Nella palude alla foce del Cornia

Al limite settentrionale del golfo di Follonica, già quasi all’ombra delle ciminiere di Piombino, sfociano le acque del Cornia, abbracciando nel loro ultimo tratto un lembo di terra ricco di testimonianze storiche e di alto interesse naturalistico. Lo attraversa la direttrice della Strada Geodetica, che taglia attraverso i campi correndo parallela alla costa; da qui, seguendo le indicazioni, è possibile raggiungere l’ingresso dell’Oasi WWF Orti-Bottagone, dove è possibile parcheggiare e raggiungere, con una ventina di minuti di cammino, la spiaggia.

Biancospino fiorito

Biancospino fiorito

La strada bianca che conduce al mare è fiancheggiata dal Fosso Cosimo; affacciate su di esso sorgono delle baracche per la pesca, macchie di colore e lamiera da cui Tom Sawyer potrebbe far capolino da un momento all’altro. Davanti alle costruzioni, in traballante equilibrio su secche zampe di legno, sono tese le reti per la pesca, fragili trame di un ragno ubriaco.
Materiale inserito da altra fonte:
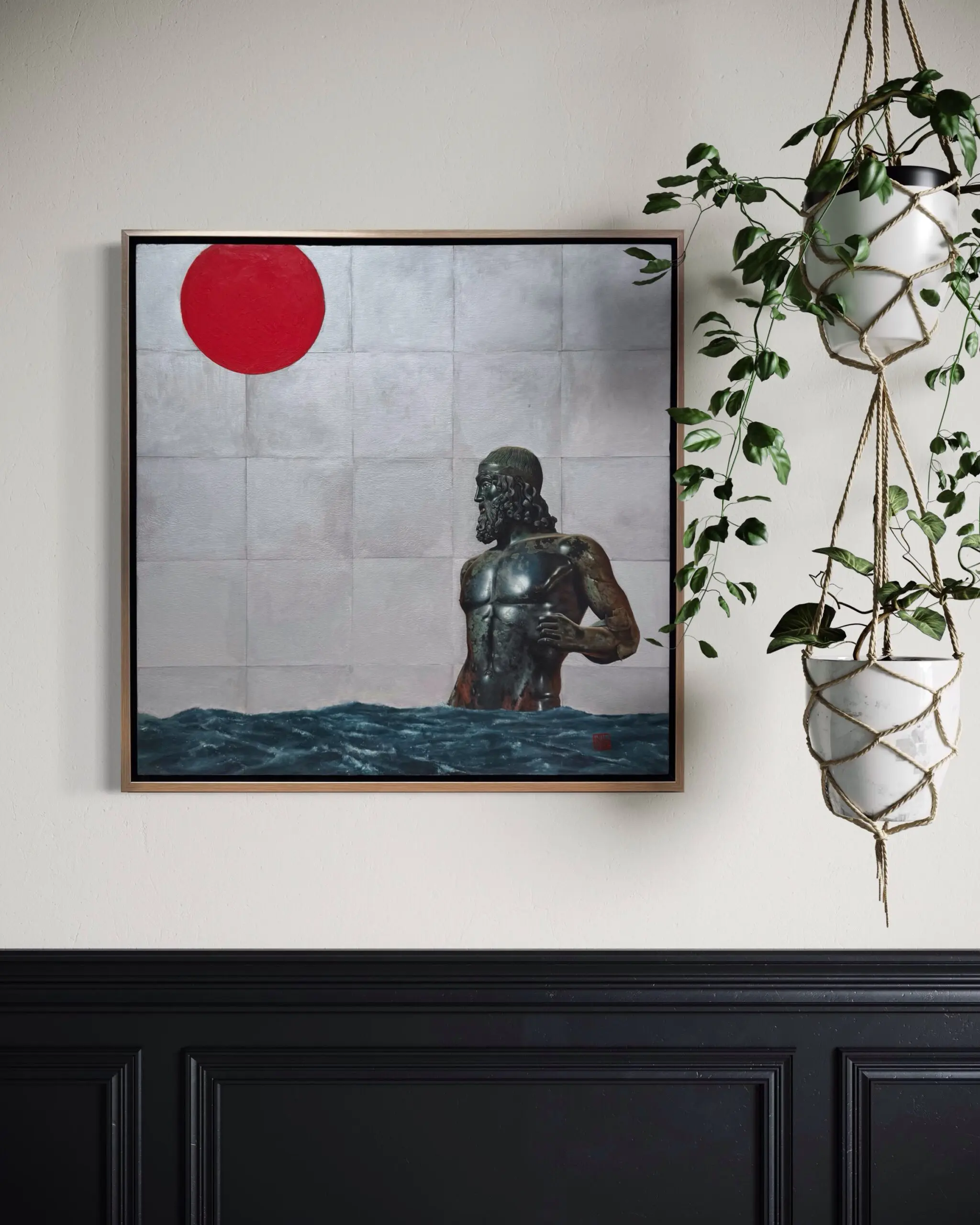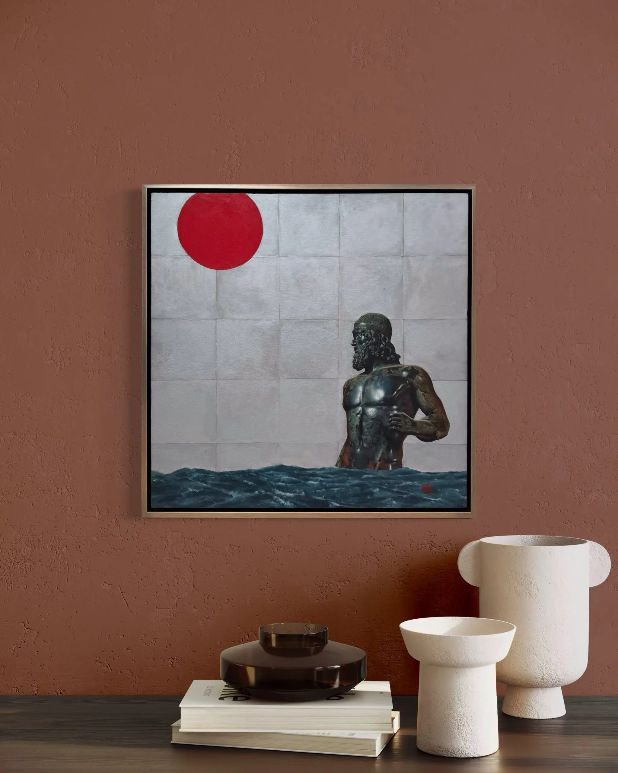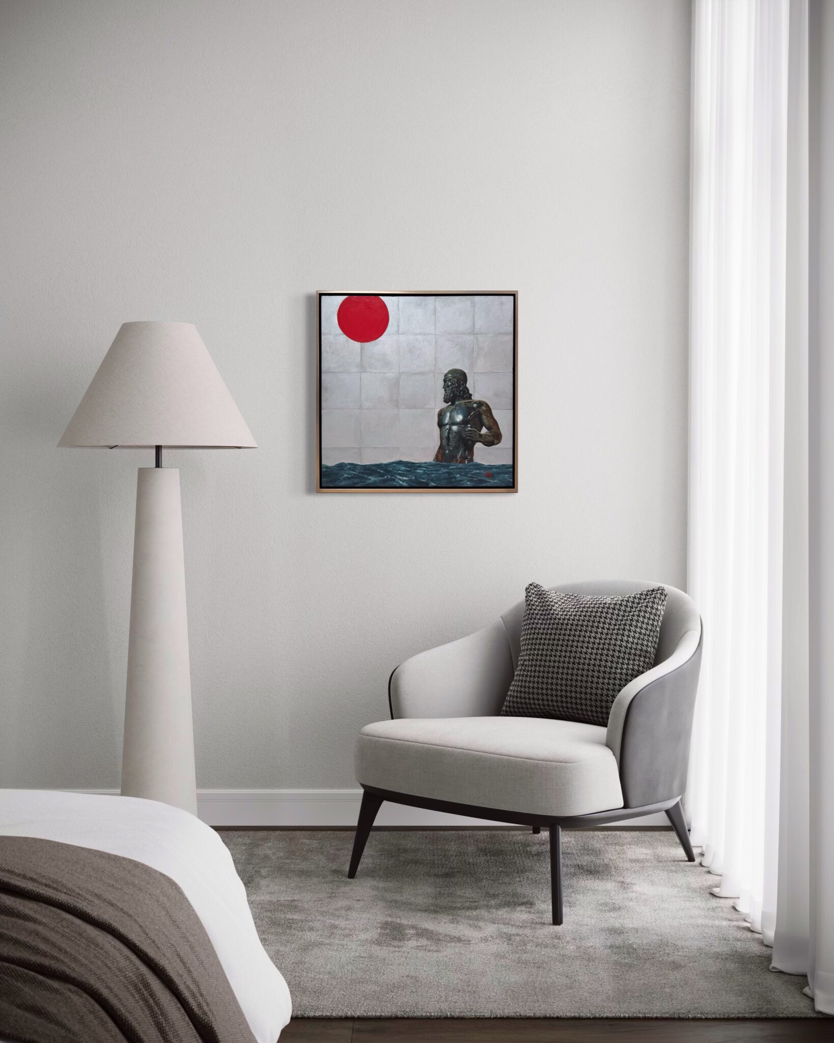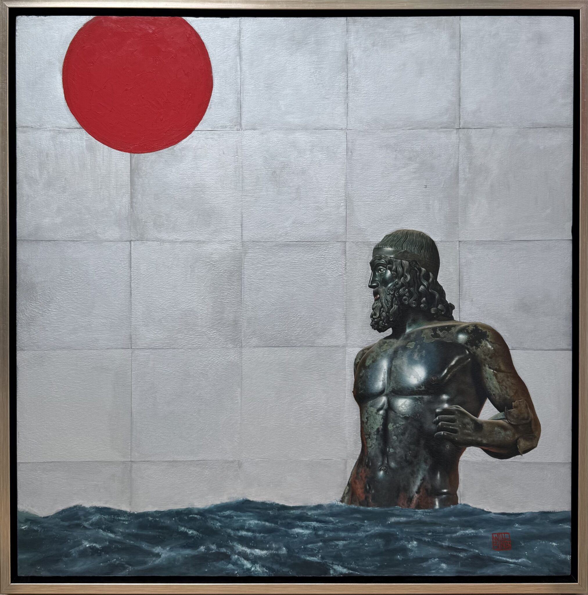 “East Meets West” by Will Binder merges ancient Greek philosophy with modern ideas, capturing a moment of timeless cultural harmony. At the center is a highly realistic depiction of an ancient Greek bronze statue, rendered with meticulous attention to detail—the patina, sculptural contours, and subtle textures of the bronze surface are brought to life with masterful precision.

Capanni per la pesca lungo il Fosso Cosimo

Capanni per la pesca lungo il Fosso Cosimo e alla foce del Cornia

A dominare il paesaggio, in forte dissonanza con esso, le due alte ciminiere e gli impianti della centrale termoelettrica, il cui profilo si distingue sempre più chiaramente man mano che ci si avvicina al mare.

Giunti alla spiaggia, il Cornia fa la sua comparsa sulla destra, e confluisce con la strada ed il Fosso; sulla sinistra, a guardia del mare, ciò che rimane della Torre del Sale. L’edificio, che oggi ben poco conserva del suo originario aspetto turrito, costituiva uno dei nodi del sistema di avvistamento che dal Cinquecento (sebbene alcune torri risalgano ad epoca ancora più antica) proteggeva tutta la costa toscana, e le cui tracce si possono ancora oggi chiaramente individuare.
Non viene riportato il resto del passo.